Mamy 2023 r., a po internecie hula łańcuszek, w którym użytkownicy sprzeciwiają się wykorzystywaniu zdjęć przez Facebooka. Na pewno zauważyliście, że w waszym feedzie od wczoraj pojawia się łańcuszek o następującej treści:

Nie zezwalam Facebookowi na obciążanie 4,99 USD miesięcznie na moje konto; wszystkie moje zdjęcia są moją własnością, a NIE Facebook!!!
Facebook Meta jest teraz podmiotem publicznym. Wszyscy członkowie muszą opublikować taką notatkę. Jeśli nie opublikujesz oświadczenia chociaż raz, technicznie zrozumie się, że zezwalasz na używanie swoich zdjęć, a także informacji zawartych w aktualizacjach statusu profilu.
NINIEJSZYM NIE DAJĘ FACEBOOKA META MOJEGO UZWOLENIA NA KORZYSTANIE
Kopiuj i wklej, nie udostępniaj. Otrzymuję więcej postów z reklamami sprzedażowymi niż znajomych. Przytrzymaj palec w dowolnym miejscu w tym poście i kliknij „kopiuj”. Przejdź na swoją stronę, gdzie jest napisane „Co masz na myśli. "Naciśnij palec gdziekolwiek w pustym polu. Kliknij wklej. Teraz to ulepsza system. Pamiętajcie, że jutro zaczyna się nowa zasada Facebooka (czyli.. nowa nazwa META), gdzie mogą wykorzystać Twoje zdjęcia. Nie zapomnijcie, że termin mija dzisiaj!! Nie daję Facebookowi ani żadnym podmiotom powiązanym z Facebookiem pozwolenia na korzystanie z moich zdjęć, informacji, wiadomości lub publikacji, z przeszłości
Tym oświadczeniem zawiadamiam Facebooka, że jest surowo zabronione ujawnianie, kopiowanie, dystrybucja lub podejmowanie innych działań przeciwko mnie w oparciu o ten profil i/lub jego zawar Naruszenie prywatności może być karane przez prawo
Jeśli wolisz, możesz skopiować i wkleić tę wersję. Jeśli chociaż raz nie opublikujesz oświadczenia, będzie to w milczeniu zezwalać na używanie Twoich zdjęć, a także informacji zawartych w Twoim profilu i aktualizacjach statusu.
NIE UDOSTĘPNIAJCIE. Skopiuj i wklej.

Tym tekstem zawalone jest pół internetu. Ktoś odkopał wersję z 2015 r., usunął śmieszny fragment o statusie Rzymu (który nie istniał), dołożył nową treść o pobieraniu opłaty i puścił maszynę w ruch. Dlaczego ten łańcuszek odżył? Bo Facebook wprowadził możliwość zrezygnowania z reklam za skromną miesięczną opłatą. Wszyscy europejscy użytkownicy tego serwisu otrzymali w ostatnich dniach wiadomość na ten temat i podjęli decyzję, czy chcą płacić, czy wolą reklamy. I to postanowił wykorzystać autor tego łańcuszka. Wielu użytkowników uwierzyło w to, że napisanie tego oświadczenia sprawi, że Facebook zacznie używać ich zdjęć w niecnym celu.

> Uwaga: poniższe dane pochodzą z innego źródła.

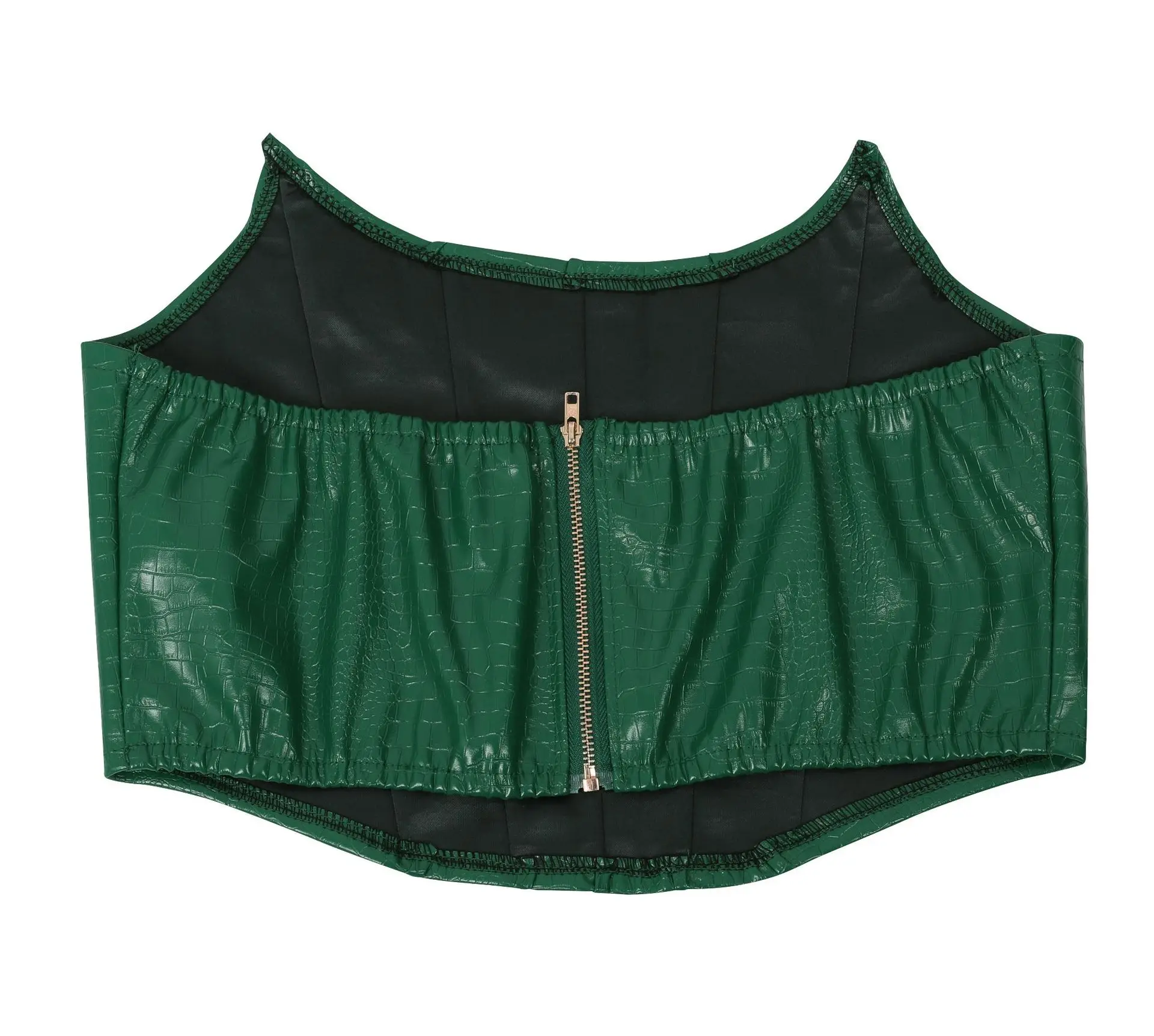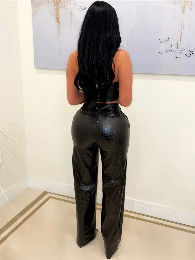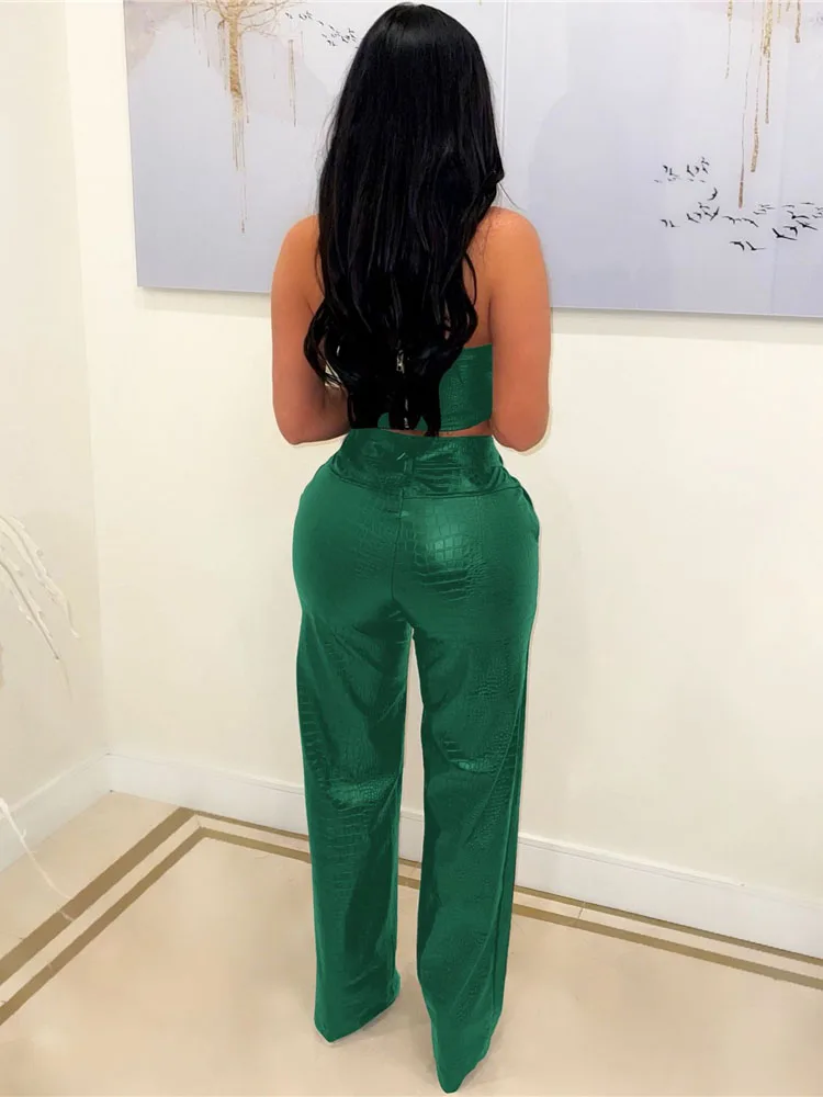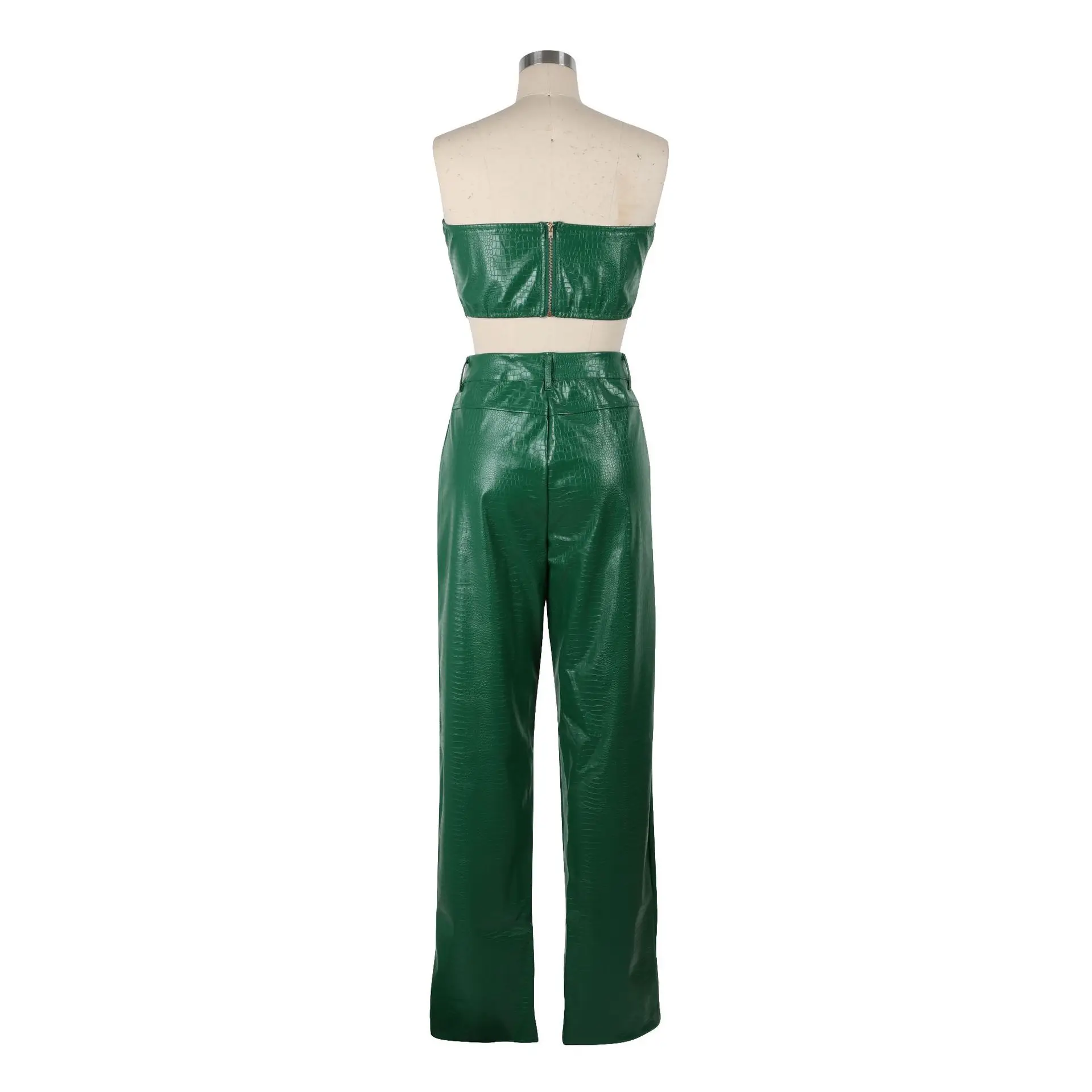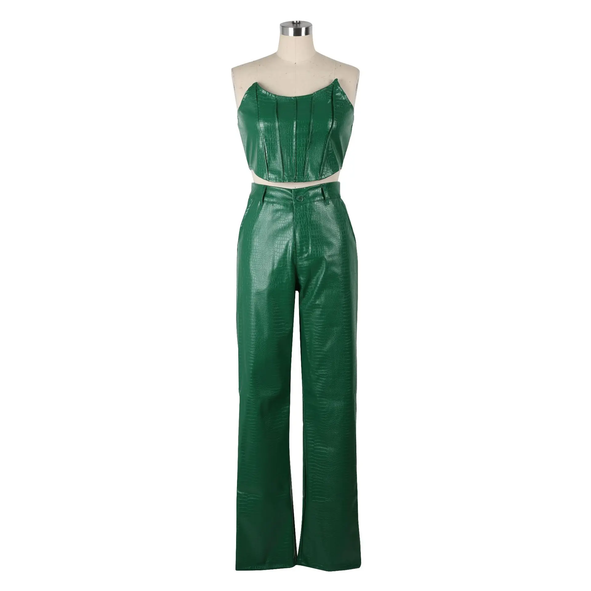 HBLL Women's Green Corset Cut-Out Cargo Sexy Sleeveless Jumpsuits PU Leather Matching Set Sexy Clubwear 2 Piece Outfits
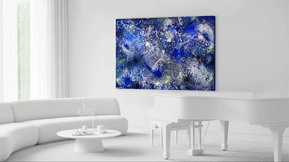 Layers of expressive splatter and atmospheric diffusion suggest techniques akin to those used by Jackson Pollock or contemporary action painters, where control and chaos are held in delicate tension. The work’s textured surface and celestial palette make a sophisticated statement with both energy and depth.
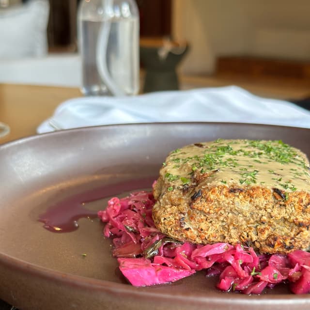 A combinação do quibe com a salada de repolho é bem interessante. Gostei bastante! Alem disso o local é todo vegano (hotel e restaurante) e bem ao lado da praça capivari em Campos do jordao.
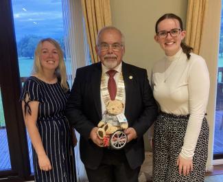 Karen Jeal and Lauren Clark, pictured with club President David Kirsch-Mills holding Basil Bear the Strode Park mascot, spoke about the work of the Foundation and its activities.
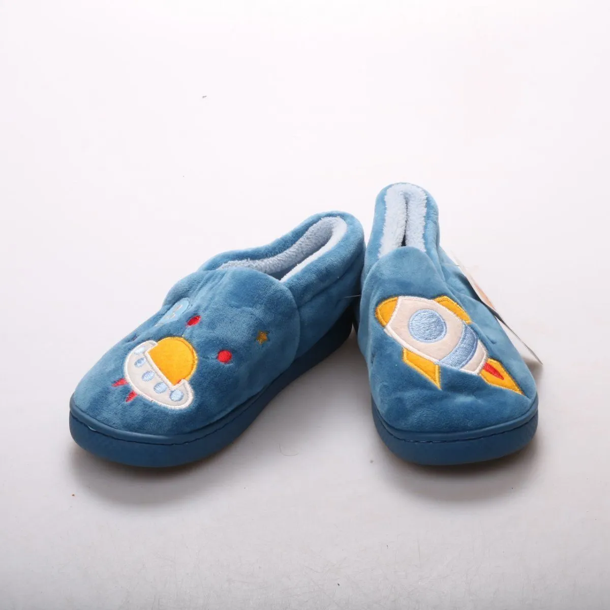 Домашние тапочки LACOFIA синего цвета с вышивкой в космической тематике. Подойдут для дома и детского сада, внутри мягкая подкладка для тепла и комфорта. Гибкая подошва с рельефом помогает меньше скользить на полу.
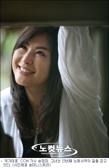 [BestNocut_R] 1967년생인 CCM가수 송정미는 1988년 뮤지컬 ‘가스펠2’로 데뷔한 뒤, 직접 작사작곡한 ‘축복송’이 세계 16개국 언어로 번안돼 애창되는 등 국내 대표적인 CCM가수로 자리잡아 왔다. 1999년부터 2009년까지 숭실대학교 음악원 교회음악과 주임교수로 재직했으며, 한국컴패션 홍보대사 등으로 활약한 바 있다.
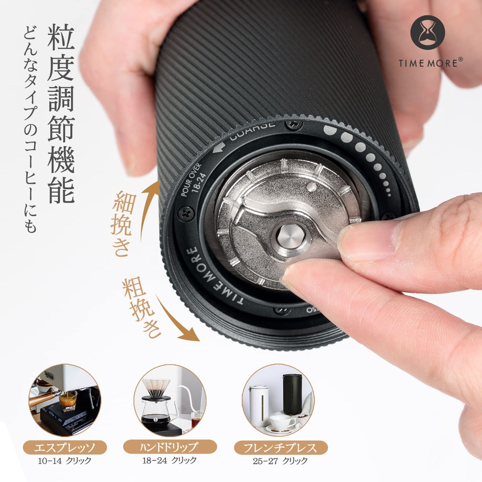 TIMEMOREタイムモア - C2 FOLD コーヒーミル 手動 折り畳み式ハンドル 持ち運びやすい 手挽き コーヒーグラインダー ステンレス臼 粗さ調整可能 軽量 外出用 旅行 お手入れ簡単 ブラシ付き 濃い灰色
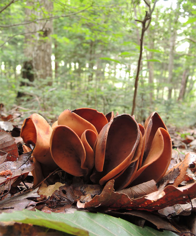 春〜秋に広葉樹主体の林内地上に発生する
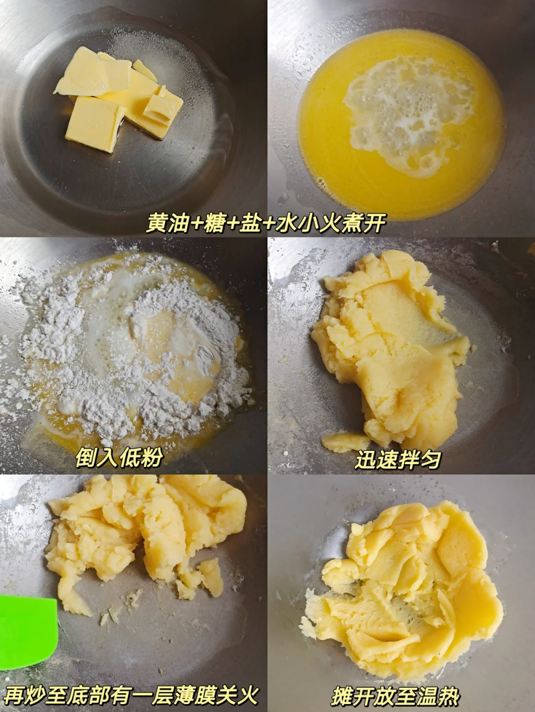 [一R]将黄油,盐,糖,水混合,小火煮开沸腾,加入低粉(提前过筛)面粉迅速拌匀,炒至底部有一层薄膜关火。(如果用不粘锅,那就大概炒1分半),倒入盆里摊开晾至温热。
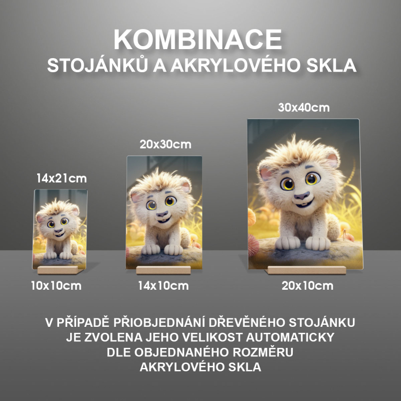 V případě přiobjednání dřevěného stojánku je zvolena jeho velikost automaticky dle objednaného rozměru akrylového skla viz produktové foto.

Więcej o zmianach w najpopularniejszym serwisie społecznościowym pisaliśmy w:

Wpis opublikowała chociażby Krystyna Janda, ale to tylko wierzchołek góry lodowej. Nawet jeden znany dziennikarz ekonomiczny też dał się przyłapać, ale szybko usunął to oświadczenie. Pokazuje to siłę tego łańcuszka napisanego łamaną polszczyzną.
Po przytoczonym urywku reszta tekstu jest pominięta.